I'm finding it very difficult to pull my thoughts away from the post-apocalyptic images of Haiti pervading the airwaves, newspapers and Internet. I'm sure I'm not alone. Once again, as with so many disasters in recent memory, the American fire and emergency services were on the front lines. I watched the local news with pride as many of my friends deployed with/U.S. Agency of International Development's Office of Foreign Disaster Assistance Virginia Urban Search and Rescue Task Force 1 from the Fairfax County Fire and Rescue Department. They were joined by colleagues from around the U.S. and the world in a desperate bid to rescue some of the many thousands of people trapped and injured in the earthquake's rubble.
Now, with the international rescue teams back home and the long-term recovery under way, the headlines and breaking news banners are, perhaps inexorably, changing to more mundane concerns. By the time you read this column, will the horrible tragedy befalling the Haitian people already be an historical footnote?
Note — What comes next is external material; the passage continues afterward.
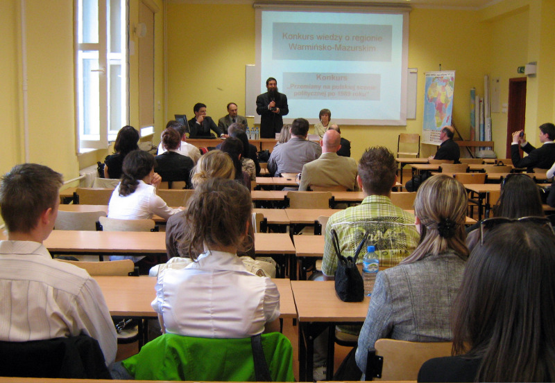 Tego samego dnia w INP przeprowadzono konkurs Wiedzy o Regionie Warmińsko-Mazurskim, który odbywa się pod patronatem Marszałka Województwa Jacka Protasa. Uczniowie mieli za zadanie rozwiązanie testu sprawdzającego ich wiadomości z zakresu historii regionu, aktualnych spraw politycznych i samorządowych, a nawet z geografii naszego województwa. Uczniowie musieli się zatem wykazać wszechstronną wiedzą. Pierwsze miejsce w tym konkursie zajął Błażej Żyliński z IV LO w Olsztynie (opiekun mgr H. Falkowski), drugie Radosław Rosiński z VII LO w Olsztynie (opiekun mgr A. Matusewicz), a trzecie Aneta Kuc z LO w Pasłęku (opiekun T. Rozenbajgier).

I think it's all too easy for us to see what happened in Haiti and say, "that could never happen in my community." Really? Did you know that in the United States, according to the Congressional Research Service, close to 75 million people in 39 states face some risk of earthquakes? To be sure, conditions in Haiti before the January 2010 quakes already were dire, with many people living in extreme poverty and in ramshackle structures that could barely defy gravity, much less the 7.0-magnitude temblor that struck the island on Jan. 12. While I'm in no way trying to make a direct comparison, just consider how many people in your community are under terrible financial stress and living in buildings vulnerable to severe structural damage from earthquakes, hurricanes, tornadoes, floods, windstorms, wildfires, blizzards and myriad other natural or technological disasters.
Keeping in mind that structural fires still are a major problem in the U.S. — I'll save that topic for another month — and that many of us are struggling to meet our basic mission requirements, it seems like a good time to assess our involvement in the larger emergency management framework. If you're saying to yourself right now, "that's not my job," then I'm not making my point; whether you are a company or chief officer, or hold any other rank in a fire department, emergency management absolutely is part of your job.
It's probably not a stretch to assert that historically, firefighters are among the original emergency managers, particularly as fire-department missions evolved from basic structural firefighting to addressing a wide range of emergency (and non-emergency) situations and then to today's all-hazards fire and emergency services departments. The concept of emergency management as a specialized discipline also changed over the years from civil defense and wartime preparation, through a focus on managing natural and technological disasters, to becoming a cornerstone of the 21st-century homeland-security enterprise. Local emergency management authorities (LEMAs) exist in almost as many configurations as their fire department counterparts. LEMAs and local fire departments often have similar, and sometimes overlapping, charters, missions, and legal mandates.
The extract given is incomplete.